May 15, 2026

woman with hands over abdomen PCOS renamed PMOS

A long-overdue shift in how the world sees your hormones — and why Traditional East Asian Medicine practitioners have been treating the whole picture all along.

If you have PCOS — or have spent years suspecting you might — you may have heard the news that broke this week that the condition officially has a new name.

On May 12, 2026, a landmark paper published in The Lancet announced that polycystic ovary syndrome (PCOS) is now polyendocrine metabolic ovarian syndrome — PMOS. The change came after an 11-year global process involving over 22,000 doctors, researchers, patients, and advocates across 56 organizations worldwide.

For many women, the reaction has been– finally!

For those of us practicing Traditional East Asian Medicine? Let's just say we've been here a while.

Why The Name Pcos Was Always A Problem

The old name — polycystic ovary syndrome — pointed fingers at the ovaries and implied the presence of pathological cysts. But those aren't really cysts at all. They're arrested follicles– small, underdeveloped eggs that never fully matured and released. The ovaries weren't the origin of the problem. They were where the problem showed up.
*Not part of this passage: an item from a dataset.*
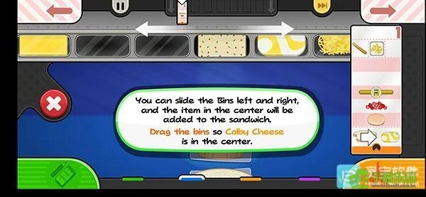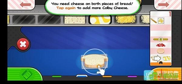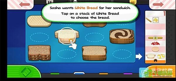 4、在挑選完所需要的食物之后,點(diǎn)擊面包片食物就會自動放在面包上,最后只要點(diǎn)擊右下方即可制作三明治。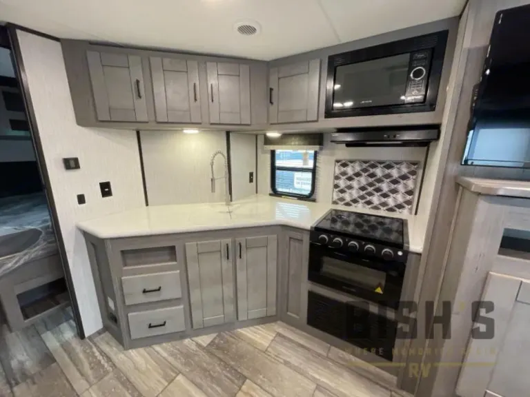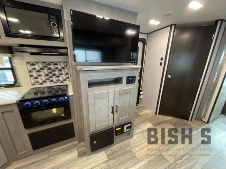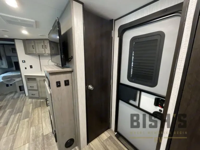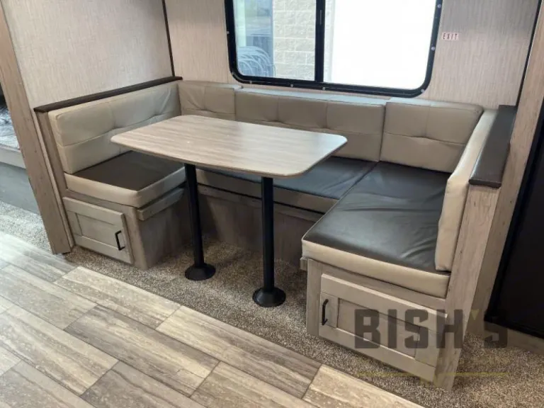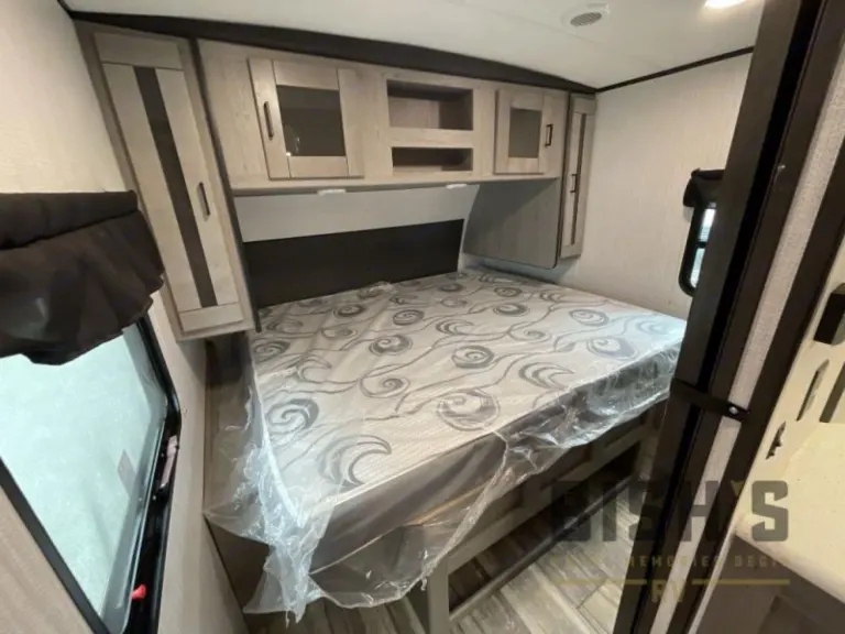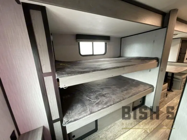 Full BathThis is a travel trailer the whole family will love! You can sleep seven to eight with the added bunk beds in the bunkhouse, the queen bed in the front bedroom, plus the U-shaped dinette within the large slide out. The chef of the family can prepare meals on the three burner cooktop or use the microwave oven. There is plenty of counter space to prep fresh veggies, and the walk-in pantry can store paper goods and snacks. This model also includes a 18' electric awning with LED lights and outside speakers that will allow you to be the life of any party!Enjoy open living spaces and comfortable at-home features. Inside, you will find a high rise kitchen faucet, infinity edge countertops, upgraded and overstuffed residential furniture, plus residential interior doors to make you feel right at home. Each unit is constructed with Azdel fortified sidewalls with "stay cool technology", a heated and enclosed underbelly. Outside, you'll find four stabilizer jacks for easy set-up and slam latch baggage doors.What's includedFully stocked with fresh linens, towels, utensils, campfire roasting sticks, and camp chairs. Included appliances are microwave, fridge, freezer, oven, stove top, coffee maker. All you need to bring is yourselves, clothes, food, and a good time!Please note the electric generator cannot be stored on board and must be hauled in a separate vehicle.RecommendationsNearby are lots of parks and recreational areas!Other things to noteSmoking is prohibited. Waste tanks must be emptied prior to return. A $250 fine will be imposed for noncompliance.

This mattered enormously. Research found that the misleading name contributed to significant diagnostic delays. Women were misdiagnosed. Symptoms were dismissed. Doctors focused narrowly on fertility while metabolic health, mood, cardiovascular risk, and skin conditions went unaddressed.

The ovaries weren't the origin of the problem. And not every woman with PCOS or PMOS will even show ovarian cysts — they were simply where some women's symptoms happened to show up.

PCOS renamed PMOS

The new name — polyendocrine metabolic ovarian syndrome — describes the condition better:

  • Polyendocrine - Multiple interacting hormonal systems are involved, not one isolated gland. It's insulin, androgens, and neuroendocrine signaling all at once.
  • Metabolic - insulin resistance, blood sugar dysregulation, and cardiometabolic risks are baked into the condition itself — not side effects.
  • Ovarian - yes, the ovaries are involved — but as a downstream expression of upstream dysfunction.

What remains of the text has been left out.